Do you have thousands of images on your hard disk and want to find them using a simple text query? This step-by-step guide will help you feed your local image library to a local AI, which will generate meaningful descriptions and keywords for them. The results are then stored in a structured format in a document-oriented database — all completely under your control on your own machine!

This setup demonstrates the use of Apache NiFi to integrate freely available LLMs (large language models) without relying on external AI services like ChatGPT. Once set up, it runs entirely offline.

Setup and Walk-Through

After checking out this GitHub project, start the Docker containers that are configured in docker-compose.yml on your command line:

docker compose up -d

Download LLMs with Open WebUI

After docker downloaded the image files and started up the containers, open Open WebUI in your browser at http://localhost:3333 . Except for the model administration using WebUI is purely optional for our showcase, but it’s a useful (and fun!) way to experiment and track your models.

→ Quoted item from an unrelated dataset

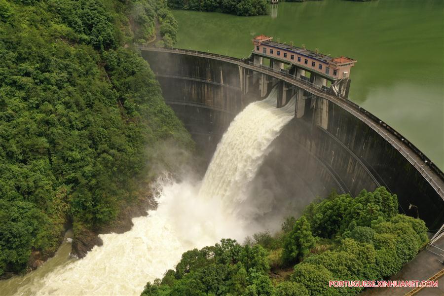 Foto de 10 de julho de 2019 mostra a água que jorra para fora do reservatório de Jinxi no distrito de Yongjia em Wenzhou, província de Zhejiang, leste da China. Na quarta-feira, o reservatório come?ou a descarregar a água da enchente trazida pelas fortes chuvas contínuas.

On your first access, you’ll need to create an account. Don’t worry — everything is stored locally on your machine.

First, we need to download a language model. Since the model is about 4.4 GB, the download may take some time.

Open up the admin panel:

admin panel

Go to the model settings:

model settings

Download the "llava:7b" model to our local Ollama instance:

download model

Llava is a multimodal model, meaning it can process images as well. The "7b" version is the smallest available and sufficient for now. When the download is finished, close the dialog. Now, let’s start a chat (click "New Chat"):

first chat

You can also upload pictures and as questions about them:

chat about picture

Set Up the BaseX Database

To store all image file information in a centralized location, we use a database. Here, we use the XML document database BaseX. All we need for now is to create a named database instance.

  1. Open up the BaseX database administration in your web browser at http://localhost:8884/dba
  2. Log in using the credentials "admin" and "password"
  3. Create a new database called "imagedb" and select "Fulltext Indexing" and "Stemming" and click "Create":

create imagedb

That's it for now.

Automate Data Input with Apache NiFi

While you can use WebUI to analyze images and manually copy-paste results into a spreadsheet or database, automating the process makes more sense for thousands of images. Apache NiFi to the rescue!

  1. Open NiFi in your web browser at https://localhost:8443/nifi (you'll need to accept the SSL certificate exception).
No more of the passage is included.